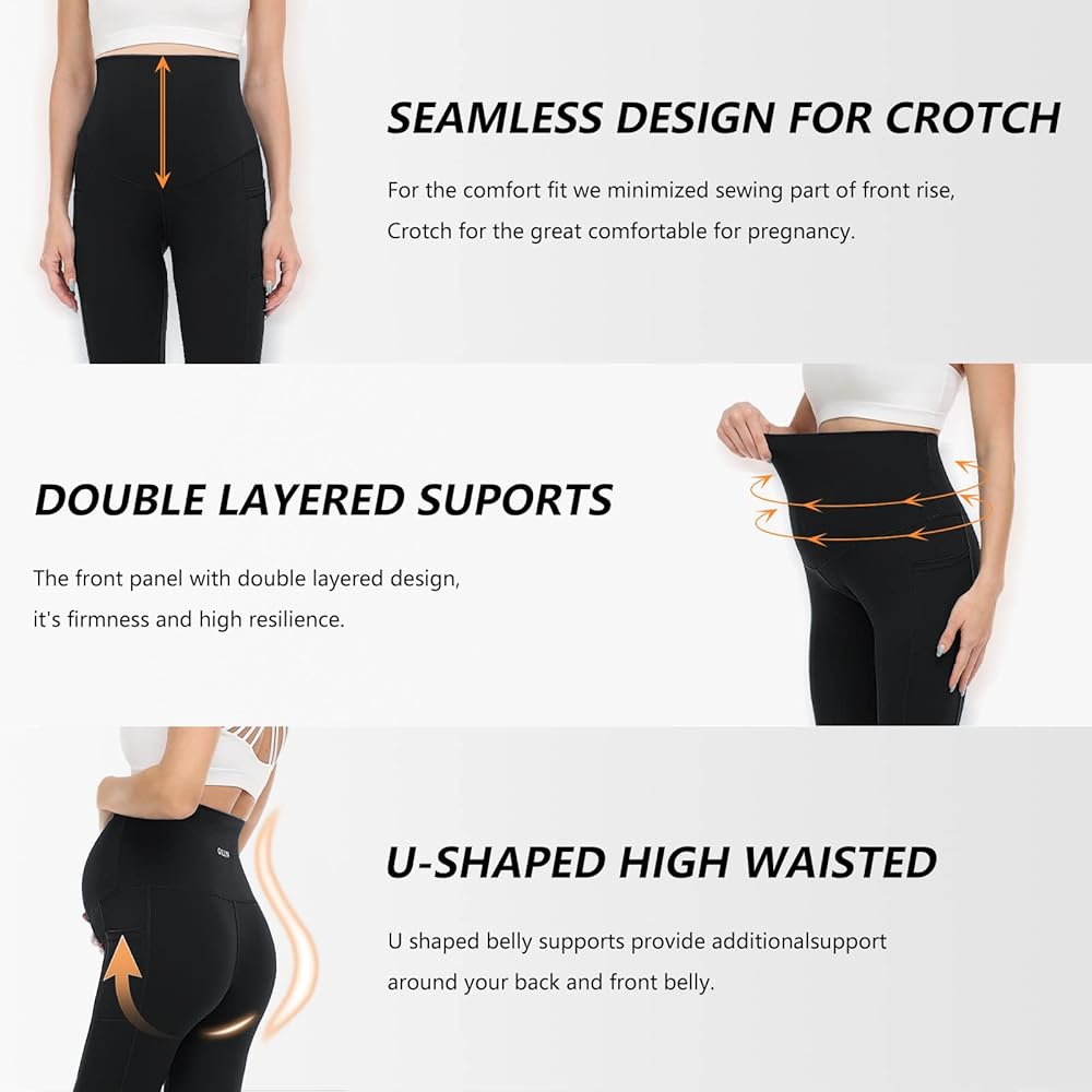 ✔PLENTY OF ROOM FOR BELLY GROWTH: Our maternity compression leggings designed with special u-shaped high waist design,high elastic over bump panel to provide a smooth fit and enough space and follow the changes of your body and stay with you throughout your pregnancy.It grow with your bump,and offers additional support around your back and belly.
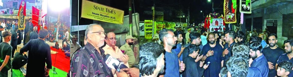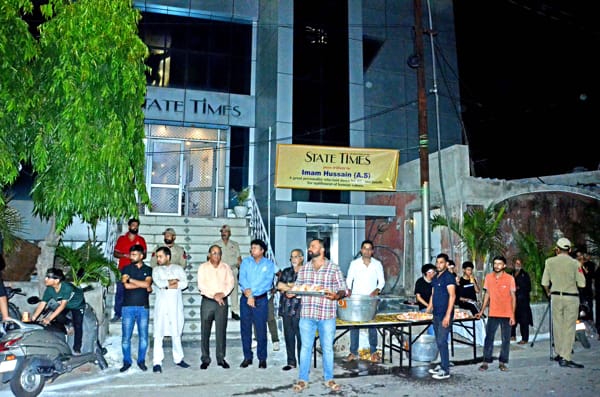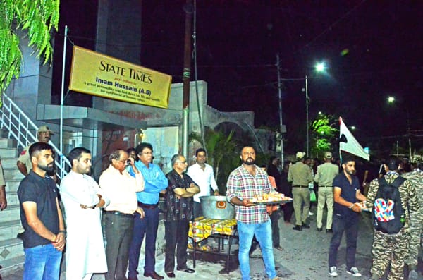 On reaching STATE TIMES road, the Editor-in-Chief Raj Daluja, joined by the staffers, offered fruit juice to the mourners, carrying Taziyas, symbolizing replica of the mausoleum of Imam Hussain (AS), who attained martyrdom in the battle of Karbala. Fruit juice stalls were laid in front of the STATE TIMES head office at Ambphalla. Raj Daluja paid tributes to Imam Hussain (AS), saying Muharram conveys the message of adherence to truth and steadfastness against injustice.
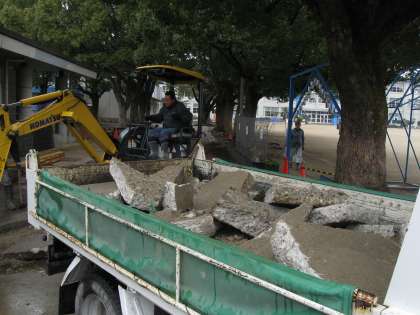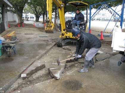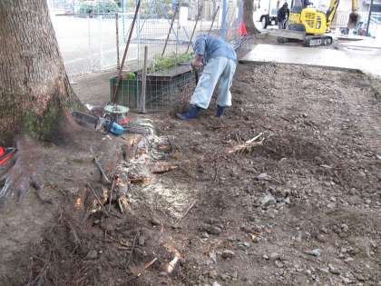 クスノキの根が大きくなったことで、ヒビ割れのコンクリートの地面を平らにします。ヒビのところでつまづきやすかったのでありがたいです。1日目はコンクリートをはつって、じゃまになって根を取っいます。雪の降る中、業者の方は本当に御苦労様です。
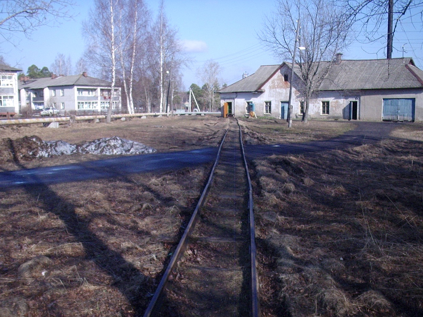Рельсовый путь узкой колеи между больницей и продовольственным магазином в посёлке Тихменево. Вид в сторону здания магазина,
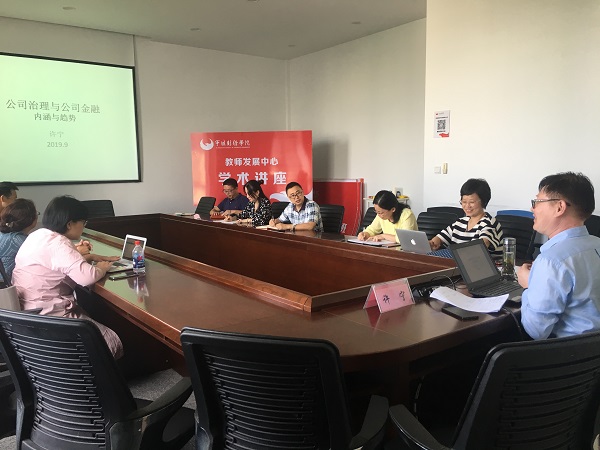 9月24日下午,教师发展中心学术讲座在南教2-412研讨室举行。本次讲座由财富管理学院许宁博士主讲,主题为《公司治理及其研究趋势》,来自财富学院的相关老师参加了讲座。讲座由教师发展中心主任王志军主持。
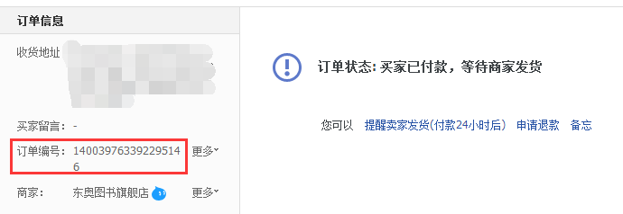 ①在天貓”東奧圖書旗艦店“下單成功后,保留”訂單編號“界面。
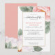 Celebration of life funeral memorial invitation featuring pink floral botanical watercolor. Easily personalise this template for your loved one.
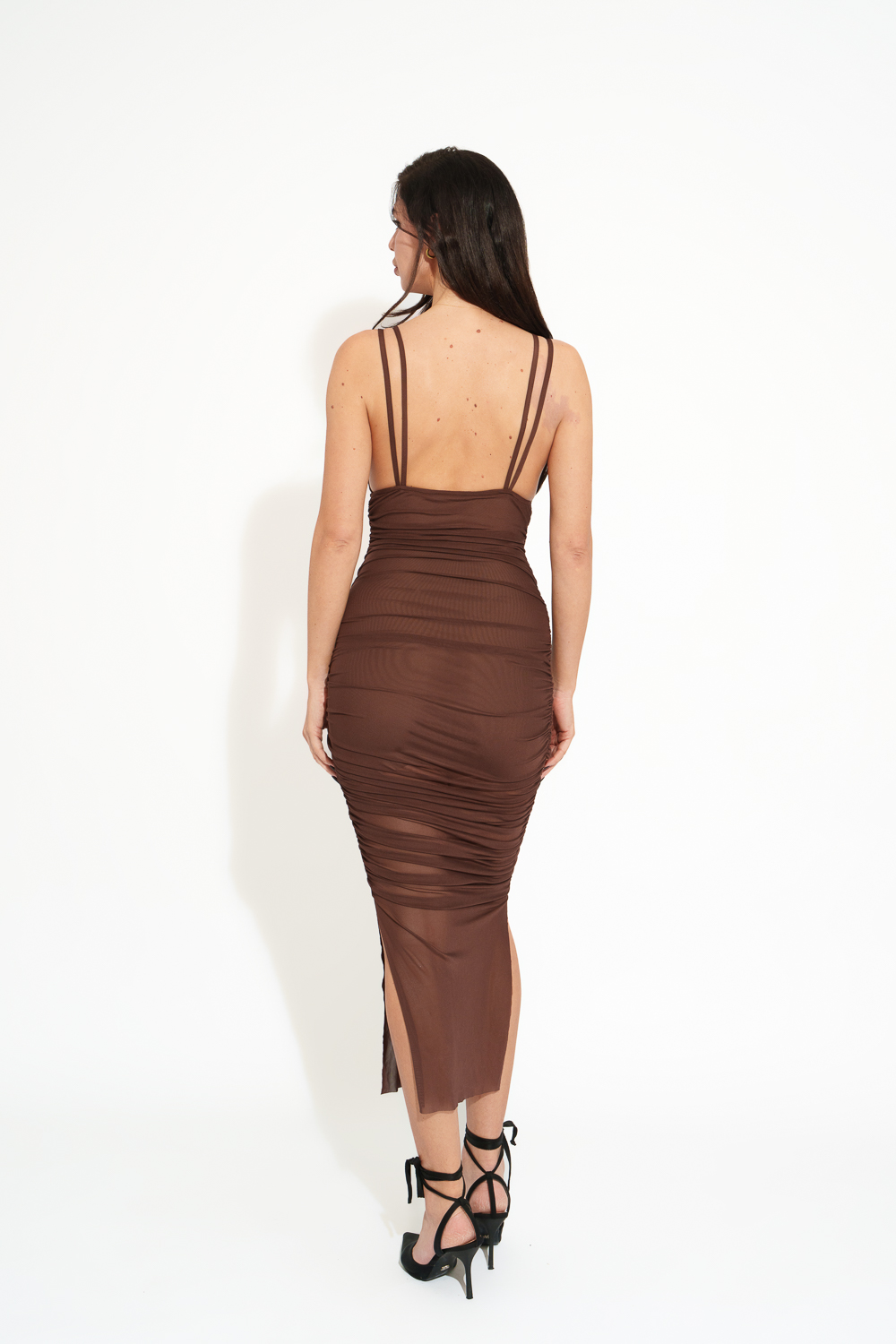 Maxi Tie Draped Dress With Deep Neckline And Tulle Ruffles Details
┄┄┄┄┄┄┄┄┄┄┄┄┄┄┄┄┄┄┄┄
_What you should do_
The copy must begin at the line containing "Celebration of life" and end at the last line of the data above, with every line retyped exactly and no pictures included.

_Written reply_
 Celebration of life funeral memorial invitation featuring pink floral botanical watercolor. Easily personalise this template for your loved one.
 Maxi Tie Draped Dress With Deep Neckline And Tulle Ruffles Details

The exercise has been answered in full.